**WHAT IS EXPECTED**
Reproduce, exactly and only, the lines of the data that follows from the one containing "2、鋼絲繩安全系數(shù)不應(yīng)小于表1-2和表1-3的要求" down to the one containing "因为 web 控制台界面拒绝消息的方式只有两种,一个是", without pictures.

**INFORMATION SUPPLIED**
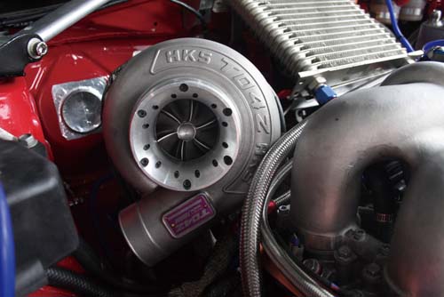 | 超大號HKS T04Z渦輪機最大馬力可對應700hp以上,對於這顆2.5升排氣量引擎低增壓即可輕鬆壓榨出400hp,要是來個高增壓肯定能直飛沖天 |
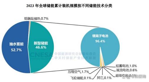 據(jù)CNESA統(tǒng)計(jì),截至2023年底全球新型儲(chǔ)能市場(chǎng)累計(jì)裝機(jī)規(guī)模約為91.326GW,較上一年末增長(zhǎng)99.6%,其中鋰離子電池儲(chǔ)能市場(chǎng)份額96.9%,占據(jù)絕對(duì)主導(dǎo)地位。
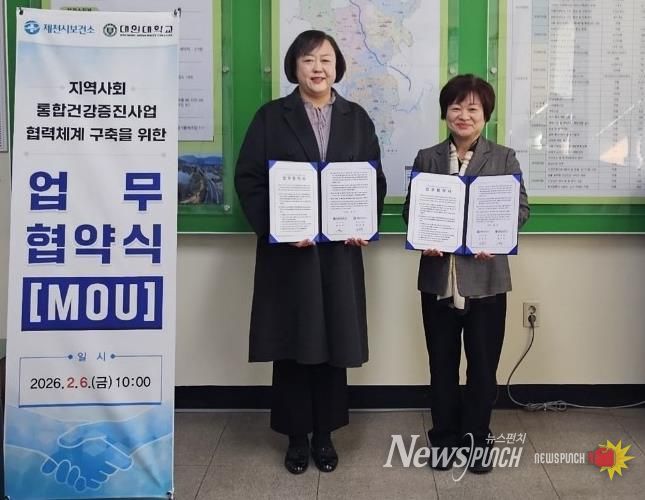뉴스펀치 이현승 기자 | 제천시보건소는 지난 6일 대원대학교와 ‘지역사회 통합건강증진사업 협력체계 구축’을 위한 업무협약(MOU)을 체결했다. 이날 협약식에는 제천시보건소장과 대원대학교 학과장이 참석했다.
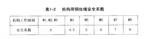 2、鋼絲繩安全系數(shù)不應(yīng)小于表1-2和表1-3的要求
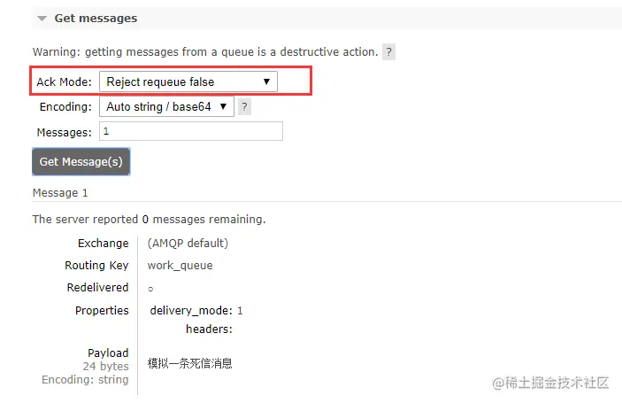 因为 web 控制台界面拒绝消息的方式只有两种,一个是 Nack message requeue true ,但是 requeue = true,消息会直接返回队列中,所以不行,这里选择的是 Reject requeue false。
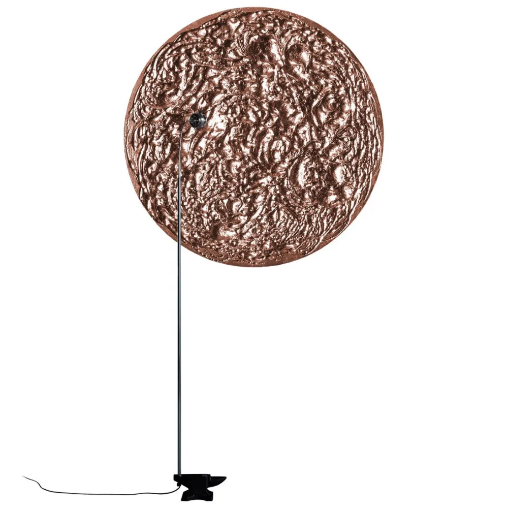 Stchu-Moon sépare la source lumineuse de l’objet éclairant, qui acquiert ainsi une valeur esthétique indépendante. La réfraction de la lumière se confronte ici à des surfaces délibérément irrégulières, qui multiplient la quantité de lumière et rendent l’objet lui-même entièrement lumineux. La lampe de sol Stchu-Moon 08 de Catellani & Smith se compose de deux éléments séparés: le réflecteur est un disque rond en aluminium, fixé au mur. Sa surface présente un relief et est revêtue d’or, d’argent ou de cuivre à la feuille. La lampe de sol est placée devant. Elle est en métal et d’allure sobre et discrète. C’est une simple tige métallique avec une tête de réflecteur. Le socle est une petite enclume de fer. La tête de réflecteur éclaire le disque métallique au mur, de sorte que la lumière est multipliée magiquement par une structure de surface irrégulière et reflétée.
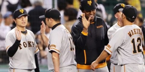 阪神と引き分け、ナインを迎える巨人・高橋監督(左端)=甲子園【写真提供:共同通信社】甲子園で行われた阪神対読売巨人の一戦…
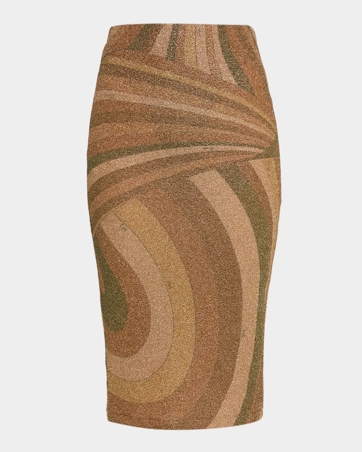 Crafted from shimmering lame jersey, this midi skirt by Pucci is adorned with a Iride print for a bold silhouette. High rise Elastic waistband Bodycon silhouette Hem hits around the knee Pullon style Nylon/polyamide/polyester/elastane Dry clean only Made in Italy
...
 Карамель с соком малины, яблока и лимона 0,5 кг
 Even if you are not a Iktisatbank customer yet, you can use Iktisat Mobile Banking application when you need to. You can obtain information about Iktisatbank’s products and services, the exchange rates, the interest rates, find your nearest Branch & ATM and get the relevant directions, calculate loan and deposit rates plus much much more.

**YOUR SOLUTION**
 2、鋼絲繩安全系數(shù)不應(yīng)小于表1-2和表1-3的要求
 因为 web 控制台界面拒绝消息的方式只有两种,一个是 Nack message requeue true ,但是 requeue = true,消息会直接返回队列中,所以不行,这里选择的是 Reject requeue false。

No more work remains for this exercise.